*Exercise prompt*. Beginning with the line below that contains "Składniki: Herbata czarna" and ending with the line that contains "Ακαδημίας, Βόιν Μπούζινοφ.", retype every line exactly. Pictures are not copied.

*Material to process*.

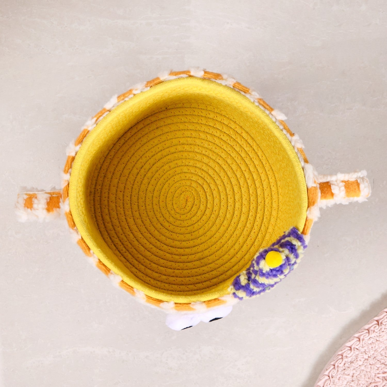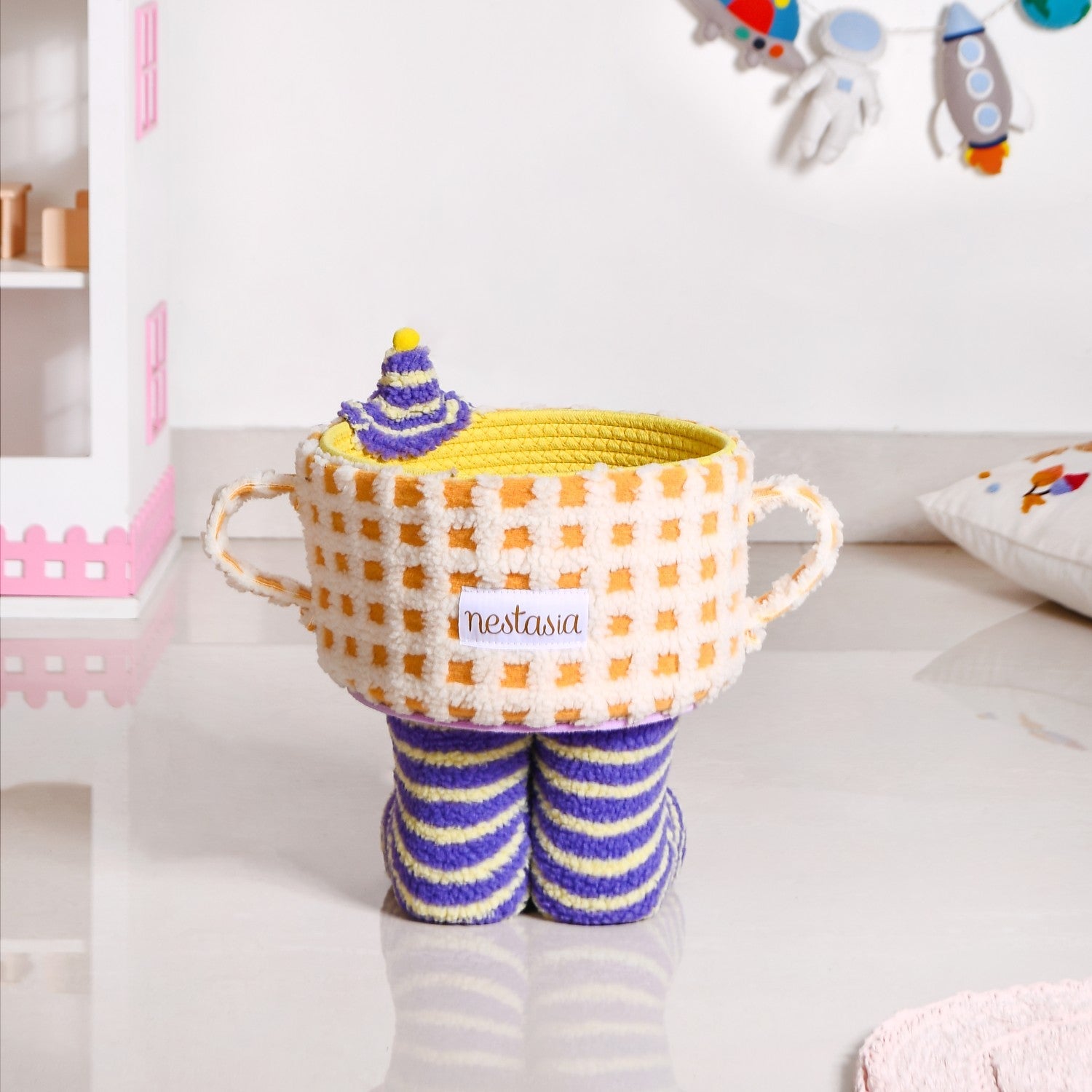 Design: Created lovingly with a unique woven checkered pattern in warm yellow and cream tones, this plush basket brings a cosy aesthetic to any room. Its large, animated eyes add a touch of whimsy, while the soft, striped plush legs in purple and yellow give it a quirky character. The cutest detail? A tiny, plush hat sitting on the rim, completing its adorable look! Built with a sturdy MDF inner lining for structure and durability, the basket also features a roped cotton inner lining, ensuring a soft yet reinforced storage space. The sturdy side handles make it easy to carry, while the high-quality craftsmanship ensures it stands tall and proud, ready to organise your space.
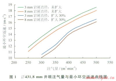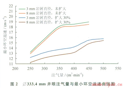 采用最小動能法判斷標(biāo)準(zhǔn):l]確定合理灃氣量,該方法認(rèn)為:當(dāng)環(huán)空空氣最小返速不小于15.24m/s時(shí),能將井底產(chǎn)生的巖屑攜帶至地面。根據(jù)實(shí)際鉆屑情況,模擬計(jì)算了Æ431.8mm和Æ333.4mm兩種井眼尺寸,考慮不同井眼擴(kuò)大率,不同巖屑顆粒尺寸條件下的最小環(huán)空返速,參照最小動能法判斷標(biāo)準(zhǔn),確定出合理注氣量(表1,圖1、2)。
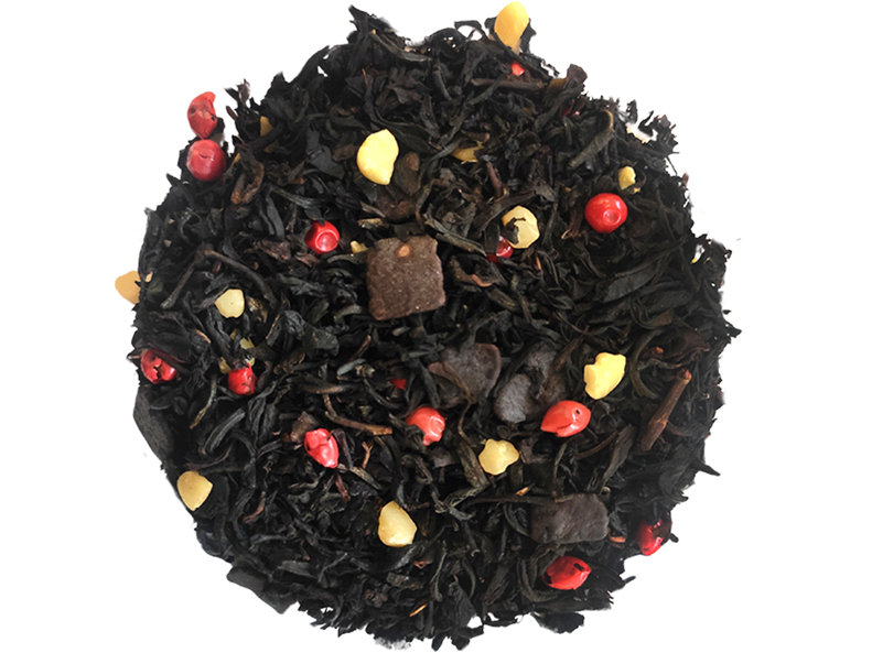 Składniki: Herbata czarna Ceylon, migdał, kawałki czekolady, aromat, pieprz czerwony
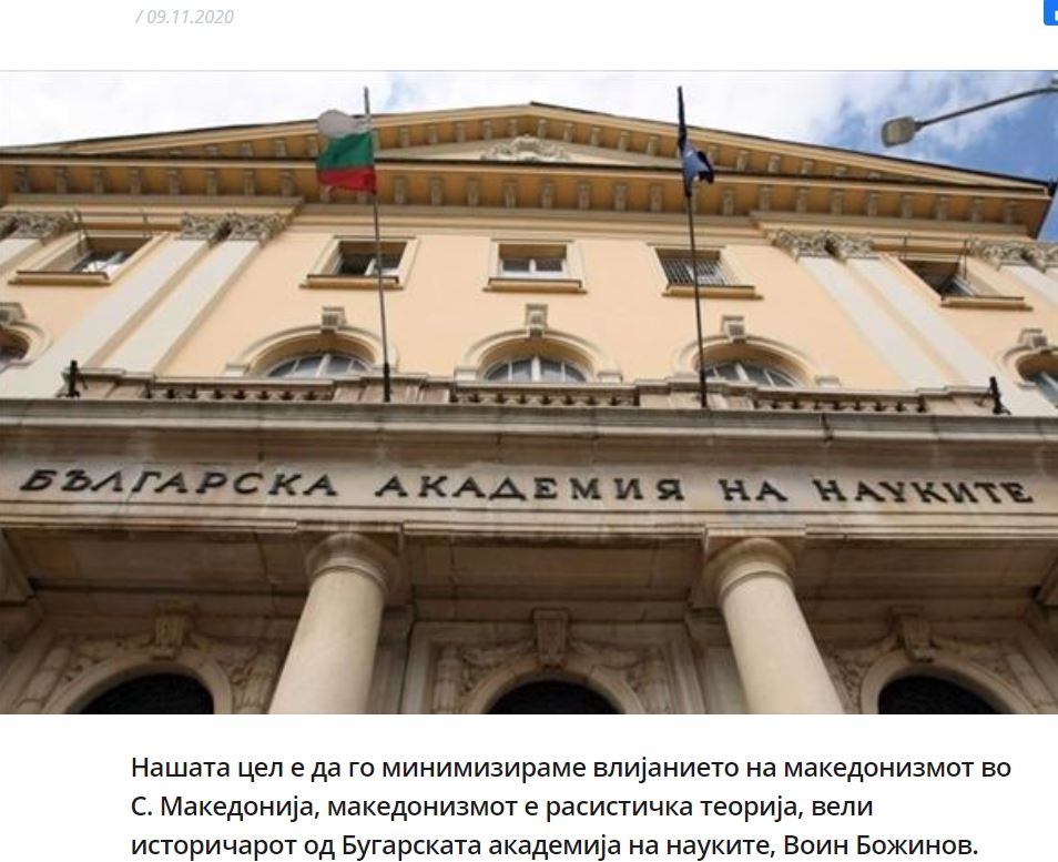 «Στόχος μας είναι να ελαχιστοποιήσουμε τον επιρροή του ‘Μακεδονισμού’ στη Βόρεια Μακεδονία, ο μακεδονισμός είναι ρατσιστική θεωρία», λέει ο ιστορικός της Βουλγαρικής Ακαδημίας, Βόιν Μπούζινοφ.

==

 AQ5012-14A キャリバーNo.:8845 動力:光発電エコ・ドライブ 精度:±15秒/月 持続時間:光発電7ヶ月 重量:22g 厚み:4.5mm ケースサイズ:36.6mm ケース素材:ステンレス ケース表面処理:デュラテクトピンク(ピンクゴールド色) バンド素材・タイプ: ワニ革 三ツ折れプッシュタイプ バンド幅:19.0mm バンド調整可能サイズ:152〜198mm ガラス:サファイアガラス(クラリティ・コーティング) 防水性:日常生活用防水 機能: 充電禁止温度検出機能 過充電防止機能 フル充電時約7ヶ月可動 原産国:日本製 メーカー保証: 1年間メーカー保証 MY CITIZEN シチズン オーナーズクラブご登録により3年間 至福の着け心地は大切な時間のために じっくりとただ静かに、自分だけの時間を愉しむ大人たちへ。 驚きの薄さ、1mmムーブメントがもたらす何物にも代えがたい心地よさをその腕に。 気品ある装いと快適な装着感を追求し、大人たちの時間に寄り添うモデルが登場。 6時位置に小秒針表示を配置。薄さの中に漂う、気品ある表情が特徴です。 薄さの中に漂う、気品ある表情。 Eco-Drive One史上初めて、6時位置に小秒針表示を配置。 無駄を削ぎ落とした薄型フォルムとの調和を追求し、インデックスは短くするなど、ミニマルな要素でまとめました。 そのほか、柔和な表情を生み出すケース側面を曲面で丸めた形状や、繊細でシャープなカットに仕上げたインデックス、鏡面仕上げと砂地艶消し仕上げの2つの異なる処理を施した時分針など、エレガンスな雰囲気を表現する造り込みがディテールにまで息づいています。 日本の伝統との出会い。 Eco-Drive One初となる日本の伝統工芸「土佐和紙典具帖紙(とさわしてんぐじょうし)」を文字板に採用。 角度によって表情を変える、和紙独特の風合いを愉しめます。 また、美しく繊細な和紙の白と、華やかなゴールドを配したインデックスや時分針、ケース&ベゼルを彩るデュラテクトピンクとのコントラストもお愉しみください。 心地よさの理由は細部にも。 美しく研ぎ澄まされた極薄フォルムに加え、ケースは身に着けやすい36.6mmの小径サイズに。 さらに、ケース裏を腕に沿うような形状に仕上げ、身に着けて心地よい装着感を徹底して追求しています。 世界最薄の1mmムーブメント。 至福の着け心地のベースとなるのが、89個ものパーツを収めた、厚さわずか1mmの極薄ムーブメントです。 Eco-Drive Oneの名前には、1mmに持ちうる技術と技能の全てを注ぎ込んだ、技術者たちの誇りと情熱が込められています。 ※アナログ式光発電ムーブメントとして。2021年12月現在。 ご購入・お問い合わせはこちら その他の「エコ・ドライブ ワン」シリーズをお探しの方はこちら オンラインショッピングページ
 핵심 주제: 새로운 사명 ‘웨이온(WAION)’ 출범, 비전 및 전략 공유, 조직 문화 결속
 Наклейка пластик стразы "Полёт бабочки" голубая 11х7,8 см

*Solution*.
 Składniki: Herbata czarna Ceylon, migdał, kawałki czekolady, aromat, pieprz czerwony
 «Στόχος μας είναι να ελαχιστοποιήσουμε τον επιρροή του ‘Μακεδονισμού’ στη Βόρεια Μακεδονία, ο μακεδονισμός είναι ρατσιστική θεωρία», λέει ο ιστορικός της Βουλγαρικής Ακαδημίας, Βόιν Μπούζινοφ.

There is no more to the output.